Each line of output is a free physical memory chunk. The first column is the beginning of the free chunck (given as a virtual address equal to 0xffffc00000000000 plus the physical address), and the second column is the length of the free chuck (in hexadecimal).

  • osv mmap This command shows the currently mmap’ed ranges. An example of osv mmap’s output:
  (gdb) osv mmap
  ...
  0x0000200000000000 0x0000200000100000 [1024 kB]
  ...

We see a line for each mmap’ed address range. The first and second colums are the start and one-past-end (virtual) address of the mapped range. At the end we see the length of this range.

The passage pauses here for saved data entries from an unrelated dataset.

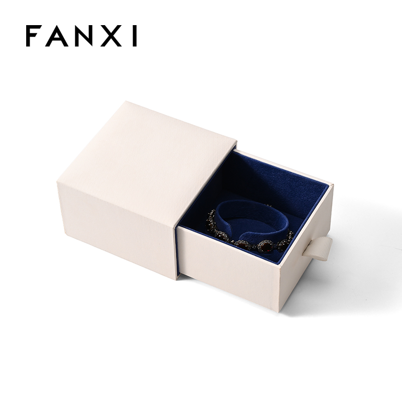 FANXI Custom White Leatherette Paper Velvet Bracelet Box TCH0480403025A02
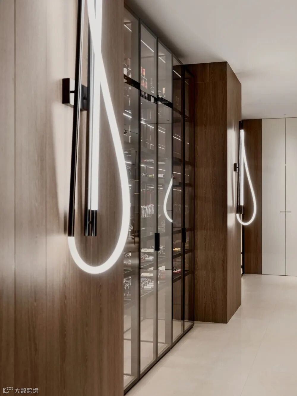 酒柜是玻璃工艺打造,两侧选择H1379 ST36棕色奥尔良橡木花色饰面板做护墙板,转角还使用了海棠角工艺制作。好的落地呈现,不仅要有好的设计,更离不开好的工艺。
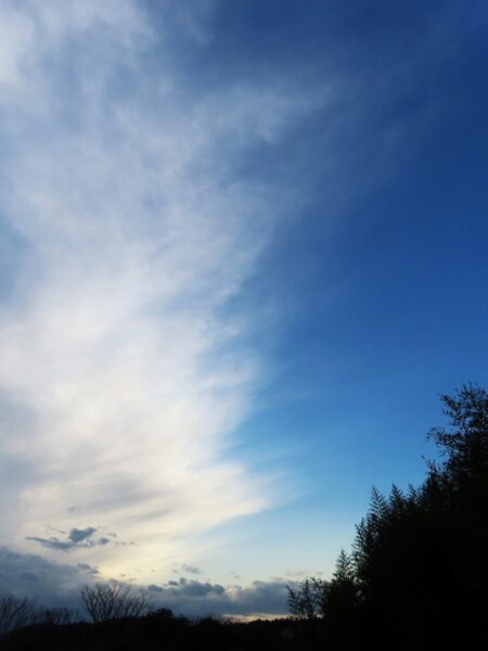 本日の最高気温は15℃ほどまで上がったようだが、風が強かったので、散歩中もそれほど暖かい感じはしなかった。写真上の1は昼前散歩での雲と青空。2は夕刻散歩での雲と青空。3は夕刻散歩から帰宅して駐車場からの雲。〔仕事&歩数〕しまね文芸フェスタ講演向けレジメ作成。7,870歩。
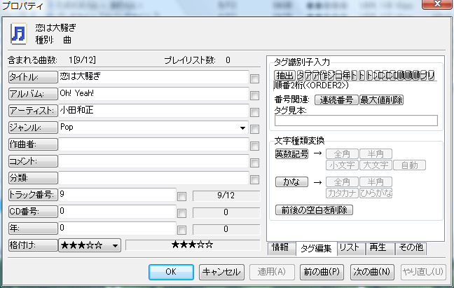 プロパティ設定画面。タグ情報は「iTunes」よりも詳細に設定することが可能。タグ情報の追加はフォルダ構造をもとに行える
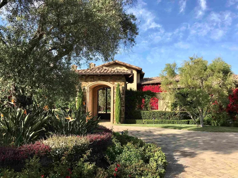 Wrapped around two sun-washed travertine courtyards with soothing fountains, this single level contemporary Mediterranean inspired estate with soaring ceilings and expansive 270 degree mountain and valley views is an entertainer's delight. Located in the prestigious guard-gated Heritage Estates in North Poway on an elevated 5.97-acre lot, this spectacular home provides serenity and true indoor/outdoor living. Large windows, sliding doors, skylights, and Solatubes take advantage of the San Diego sunshine. Immaculate and meticulously maintained with attention to every detail, this home abounds with high end finishes and custom iron and stonework. Features of this magnificent home include 6 fireplaces, a two tiered theater off of an expansive game room with full wet bar, a cedar climate controlled wine cellar, stunning home office with library loft, gourmet chef's kitchen with 6 burner Viking range, 4 stoves and duel granite islands, luxurious master bedroom with sitting area and fireplace, master bath with heated floors/two separate master bedroom closets/vanities/toilets, all ensuite generous sized secondary bedrooms two of which open to the front courtyard, and a huge laundry room opening on to the courtyard via a Mr. Ed Door. The family room features sliding glass pocket doors opening to a covered outdoor living room which is just steps away from the sparkling infinity edge pool with beach entry, waterfall jacuzzi and sunken BBQ overlooking the Lake Hodges Valley. An outdoor bath and poolside shower complete this private resort. The beautiful, private, manicured fully fenced pool and rear grounds include mature olive and fruit trees, dozens of rose bushes, and flowering plants as well as a fully enclosed irrigated vegetable garden with 11 raised planters. True farm to table living! The expansive acreage also includes a graded area for a full-size tennis court or sports court as well as room to build a large guest house. Car enthusiasts will enjoy the oversized epoxy floored 6 car garage with extensive built-in cabinets and expansive circular driveway. This magnificent estate also includes paid solar and a well for irrigation. Just steps from the property there are miles of scenic hiking and mountain bike trails, as well as Maderas Golf Course, San Diego's highest rated golf destination. All of this and its only minutes away from highly rated schools, parks, shopping, and world-class wineries. Come relax and live the lifestyle that you deserve!
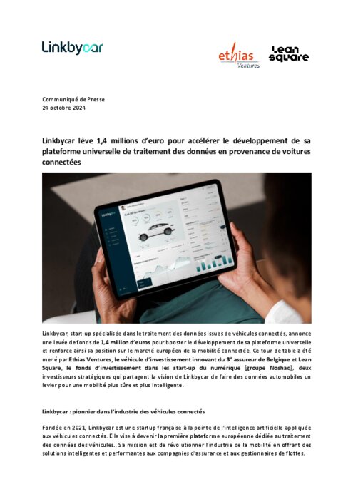 Linkbycar lève 1,4 millions d’euro pour accélérer le développement de sa plateforme universelle de traitement des données en provenance de voitures connectées.
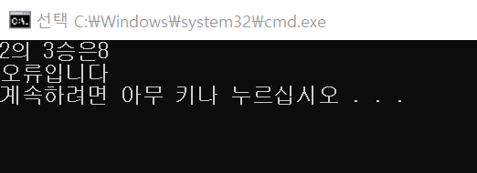 ▶ 오류가 발생한다!!!! 2의 -3은 1/8인데 이런 기초적인 실수를 컴퓨터가 하다니....! 이렇게 예상치도 못한 오류가 발생하는 경우를 대비하기 위해 예외 처리기를 사용한다.

  • osv info callouts Shows information about “callouts”, a BSD-derived mechanism for scheduling work, which is used heavily in our network stack. An example output:
  • osv info virtio Shows information about virtio devices and the status of their queues. Example output:
(gdb) osv info virtio 
virtio::virtio_net at 0xffffc0003ff0ec00
  queue 0 at 0xffffc0003ff2ba00
    avail g=0xbe09 h=0xbe09 (0)
    used   h=0xbe09 g=0xbd11 (248)
    used notifications: enabled
  queue 1 at 0xffffc0003ff2bc00
    avail g=0xc951 h=0xc951 (0)
    used   h=0xc951 g=0xc8fd (84)
    used notifications: enabled
  queue 2 at 0xffffc0003ff2bd00
    avail g=0x0 h=0x0 (0)
    used   h=0x0 g=0x0 (0)
    used notifications: enabled
virtio::virtio_blk at 0xffffc0003fefd400
  queue 0 at 0xffffc0003fee5100
    avail g=0x15f h=0x15f (0)
    used   h=0x15f g=0x15f (0)
    used notifications: enabled

Here we have a single virtio-net device and a single virtio-blk device. The receive queue of the virtio-net device (queue 1) has 84 used descriptors that have not been processed by the guest yet, indicating that processing is either in progress, or that some bug (for example a deadlock) prevents the driver thread from processing the ring.

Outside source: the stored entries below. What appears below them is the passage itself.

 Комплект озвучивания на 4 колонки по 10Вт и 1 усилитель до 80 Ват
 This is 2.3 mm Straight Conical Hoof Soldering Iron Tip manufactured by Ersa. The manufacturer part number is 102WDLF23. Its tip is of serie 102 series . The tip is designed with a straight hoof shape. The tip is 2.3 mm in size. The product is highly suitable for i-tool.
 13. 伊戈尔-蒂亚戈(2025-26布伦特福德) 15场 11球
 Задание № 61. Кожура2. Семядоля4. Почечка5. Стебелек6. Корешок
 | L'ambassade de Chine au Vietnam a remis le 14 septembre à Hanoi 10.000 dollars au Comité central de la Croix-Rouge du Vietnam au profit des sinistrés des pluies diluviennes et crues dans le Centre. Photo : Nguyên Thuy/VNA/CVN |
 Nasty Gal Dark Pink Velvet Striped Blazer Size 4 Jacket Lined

  • osv thread apply all This command can be used to get more information about each thread than “osv info threads” supplies. A useful example is “osv thread apply all where”, which shows the backtrace of each OSV thread.
  • osv leak on|off|show This command is used to enable or disable memory leak detection, and to show the information collected so far by the leak detector. See “Leak Detection” section below on how to use memory leak detection.
  • osv pagetable walk <addr> Does a page table walk on the given address.
  • osv runqueue Shows the runqueue on each CPU. The runqueue is the list of threads which are ready to run as soon as the currently-running thread sleeps or is preempted (the currently-running thread is not listed on the runqueue). Each runqueue is listed in order of dynamic priority (vruntime) - the first listed thread would run next if the running thread went to sleep now. The threads listed by “osv runqueue” are the same as those listed as “queued” in the output of “osv info threads”.
  • osv percpu <expr> [fields to descend to] Prints the value of aPERCPU(typ, expr)variable for all CPUs. If you want a specific field from the variable, specify the field after the variable name. For example (gdb) osv percpu memory::percpu_page_buffer Would print thepercpu_page_buffervalue on all CPUs. (gdb) osv percpu memory::percpu_page_buffer nr Would print thenrfield frompercpu_page_buffer` on all CPUs.

Core dumps

We currently only support attaching to a running guest - dumping a core file and debugging from it later isn’t currently supported.

Reading values of thread-local variables

For some unknown reason you cannot read values of thread-local variables in GDB:

gdb$ p preempt_counter 
Cannot find executable file `(...)/osv/build/debug/loader.elf' in dynamic linker's load module list

There is a workaround. Thread-local variables which are defined in the core object are placed relative to the thread's TCB block. To read them we need to find out the address of threads's TCB and the offset.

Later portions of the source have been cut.